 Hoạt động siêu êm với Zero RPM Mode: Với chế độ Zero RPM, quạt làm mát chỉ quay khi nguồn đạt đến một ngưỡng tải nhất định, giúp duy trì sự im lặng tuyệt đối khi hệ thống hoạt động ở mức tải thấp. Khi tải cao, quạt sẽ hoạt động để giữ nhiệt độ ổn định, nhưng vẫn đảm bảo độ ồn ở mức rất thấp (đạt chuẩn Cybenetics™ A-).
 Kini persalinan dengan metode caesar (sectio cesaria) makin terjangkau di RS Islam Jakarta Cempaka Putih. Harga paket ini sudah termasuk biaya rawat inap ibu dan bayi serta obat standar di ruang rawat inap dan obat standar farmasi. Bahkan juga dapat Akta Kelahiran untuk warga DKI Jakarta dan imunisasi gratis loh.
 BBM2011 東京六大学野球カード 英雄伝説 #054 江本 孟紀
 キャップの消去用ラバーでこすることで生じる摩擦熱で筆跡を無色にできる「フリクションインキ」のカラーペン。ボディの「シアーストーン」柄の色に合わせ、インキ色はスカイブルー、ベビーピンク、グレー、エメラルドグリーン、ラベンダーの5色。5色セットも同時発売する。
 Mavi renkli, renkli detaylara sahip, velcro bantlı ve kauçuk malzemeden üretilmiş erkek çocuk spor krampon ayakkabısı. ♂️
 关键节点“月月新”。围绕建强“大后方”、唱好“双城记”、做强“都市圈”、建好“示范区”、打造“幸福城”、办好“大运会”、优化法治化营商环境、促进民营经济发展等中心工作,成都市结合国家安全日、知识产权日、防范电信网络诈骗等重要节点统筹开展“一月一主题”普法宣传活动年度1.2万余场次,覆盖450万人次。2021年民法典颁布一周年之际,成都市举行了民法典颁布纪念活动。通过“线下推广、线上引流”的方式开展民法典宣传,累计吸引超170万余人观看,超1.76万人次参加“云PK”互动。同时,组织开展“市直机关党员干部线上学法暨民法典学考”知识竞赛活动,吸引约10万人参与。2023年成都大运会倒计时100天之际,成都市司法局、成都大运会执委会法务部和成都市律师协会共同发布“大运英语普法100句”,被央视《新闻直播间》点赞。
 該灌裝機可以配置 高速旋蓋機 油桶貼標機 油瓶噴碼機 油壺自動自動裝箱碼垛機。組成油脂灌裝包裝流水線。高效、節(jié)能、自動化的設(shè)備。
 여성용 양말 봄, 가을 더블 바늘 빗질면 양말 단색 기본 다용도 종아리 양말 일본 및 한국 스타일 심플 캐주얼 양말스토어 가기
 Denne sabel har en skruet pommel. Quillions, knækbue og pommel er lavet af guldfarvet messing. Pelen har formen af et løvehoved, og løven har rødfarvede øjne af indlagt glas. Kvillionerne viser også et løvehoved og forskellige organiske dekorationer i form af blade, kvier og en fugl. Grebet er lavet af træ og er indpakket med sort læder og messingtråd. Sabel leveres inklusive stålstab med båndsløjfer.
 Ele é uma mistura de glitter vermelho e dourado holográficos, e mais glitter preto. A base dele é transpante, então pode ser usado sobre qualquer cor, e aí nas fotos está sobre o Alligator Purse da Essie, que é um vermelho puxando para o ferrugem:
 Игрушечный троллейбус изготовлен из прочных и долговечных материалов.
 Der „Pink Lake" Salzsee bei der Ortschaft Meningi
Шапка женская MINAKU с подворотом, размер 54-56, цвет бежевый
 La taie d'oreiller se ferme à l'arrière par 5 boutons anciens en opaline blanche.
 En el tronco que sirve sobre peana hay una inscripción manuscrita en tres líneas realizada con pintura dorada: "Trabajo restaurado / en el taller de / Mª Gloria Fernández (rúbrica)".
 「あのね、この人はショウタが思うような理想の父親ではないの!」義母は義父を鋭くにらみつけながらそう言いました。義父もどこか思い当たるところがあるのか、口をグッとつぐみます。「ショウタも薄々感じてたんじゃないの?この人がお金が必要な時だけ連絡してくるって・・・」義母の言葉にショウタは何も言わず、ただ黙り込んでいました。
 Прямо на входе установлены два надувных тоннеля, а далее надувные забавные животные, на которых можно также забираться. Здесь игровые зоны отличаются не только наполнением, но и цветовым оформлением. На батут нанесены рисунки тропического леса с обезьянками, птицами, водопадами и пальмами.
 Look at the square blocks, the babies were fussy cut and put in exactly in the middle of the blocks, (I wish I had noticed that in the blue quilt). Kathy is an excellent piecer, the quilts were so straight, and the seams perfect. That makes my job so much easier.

____________________

- _What you are asked to do_: Reproduce the entries exactly as they appear.

- _Finished task_:
 Hoạt động siêu êm với Zero RPM Mode: Với chế độ Zero RPM, quạt làm mát chỉ quay khi nguồn đạt đến một ngưỡng tải nhất định, giúp duy trì sự im lặng tuyệt đối khi hệ thống hoạt động ở mức tải thấp. Khi tải cao, quạt sẽ hoạt động để giữ nhiệt độ ổn định, nhưng vẫn đảm bảo độ ồn ở mức rất thấp (đạt chuẩn Cybenetics™ A-).
 Kini persalinan dengan metode caesar (sectio cesaria) makin terjangkau di RS Islam Jakarta Cempaka Putih. Harga paket ini sudah termasuk biaya rawat inap ibu dan bayi serta obat standar di ruang rawat inap dan obat standar farmasi. Bahkan juga dapat Akta Kelahiran untuk warga DKI Jakarta dan imunisasi gratis loh.
 BBM2011 東京六大学野球カード 英雄伝説 #054 江本 孟紀
 キャップの消去用ラバーでこすることで生じる摩擦熱で筆跡を無色にできる「フリクションインキ」のカラーペン。ボディの「シアーストーン」柄の色に合わせ、インキ色はスカイブルー、ベビーピンク、グレー、エメラルドグリーン、ラベンダーの5色。5色セットも同時発売する。
 Mavi renkli, renkli detaylara sahip, velcro bantlı ve kauçuk malzemeden üretilmiş erkek çocuk spor krampon ayakkabısı. ♂️
 关键节点“月月新”。围绕建强“大后方”、唱好“双城记”、做强“都市圈”、建好“示范区”、打造“幸福城”、办好“大运会”、优化法治化营商环境、促进民营经济发展等中心工作,成都市结合国家安全日、知识产权日、防范电信网络诈骗等重要节点统筹开展“一月一主题”普法宣传活动年度1.2万余场次,覆盖450万人次。2021年民法典颁布一周年之际,成都市举行了民法典颁布纪念活动。通过“线下推广、线上引流”的方式开展民法典宣传,累计吸引超170万余人观看,超1.76万人次参加“云PK”互动。同时,组织开展“市直机关党员干部线上学法暨民法典学考”知识竞赛活动,吸引约10万人参与。2023年成都大运会倒计时100天之际,成都市司法局、成都大运会执委会法务部和成都市律师协会共同发布“大运英语普法100句”,被央视《新闻直播间》点赞。
 該灌裝機可以配置 高速旋蓋機 油桶貼標機 油瓶噴碼機 油壺自動自動裝箱碼垛機。組成油脂灌裝包裝流水線。高效、節(jié)能、自動化的設(shè)備。
 여성용 양말 봄, 가을 더블 바늘 빗질면 양말 단색 기본 다용도 종아리 양말 일본 및 한국 스타일 심플 캐주얼 양말스토어 가기
 Denne sabel har en skruet pommel. Quillions, knækbue og pommel er lavet af guldfarvet messing. Pelen har formen af et løvehoved, og løven har rødfarvede øjne af indlagt glas. Kvillionerne viser også et løvehoved og forskellige organiske dekorationer i form af blade, kvier og en fugl. Grebet er lavet af træ og er indpakket med sort læder og messingtråd. Sabel leveres inklusive stålstab med båndsløjfer.
 Ele é uma mistura de glitter vermelho e dourado holográficos, e mais glitter preto. A base dele é transpante, então pode ser usado sobre qualquer cor, e aí nas fotos está sobre o Alligator Purse da Essie, que é um vermelho puxando para o ferrugem:
 Игрушечный троллейбус изготовлен из прочных и долговечных материалов.
 Der „Pink Lake" Salzsee bei der Ortschaft Meningi
Шапка женская MINAKU с подворотом, размер 54-56, цвет бежевый
 La taie d'oreiller se ferme à l'arrière par 5 boutons anciens en opaline blanche.
 En el tronco que sirve sobre peana hay una inscripción manuscrita en tres líneas realizada con pintura dorada: "Trabajo restaurado / en el taller de / Mª Gloria Fernández (rúbrica)".
 「あのね、この人はショウタが思うような理想の父親ではないの!」義母は義父を鋭くにらみつけながらそう言いました。義父もどこか思い当たるところがあるのか、口をグッとつぐみます。「ショウタも薄々感じてたんじゃないの?この人がお金が必要な時だけ連絡してくるって・・・」義母の言葉にショウタは何も言わず、ただ黙り込んでいました。
 Прямо на входе установлены два надувных тоннеля, а далее надувные забавные животные, на которых можно также забираться. Здесь игровые зоны отличаются не только наполнением, но и цветовым оформлением. На батут нанесены рисунки тропического леса с обезьянками, птицами, водопадами и пальмами.
 Look at the square blocks, the babies were fussy cut and put in exactly in the middle of the blocks, (I wish I had noticed that in the blue quilt). Kathy is an excellent piecer, the quilts were so straight, and the seams perfect. That makes my job so much easier.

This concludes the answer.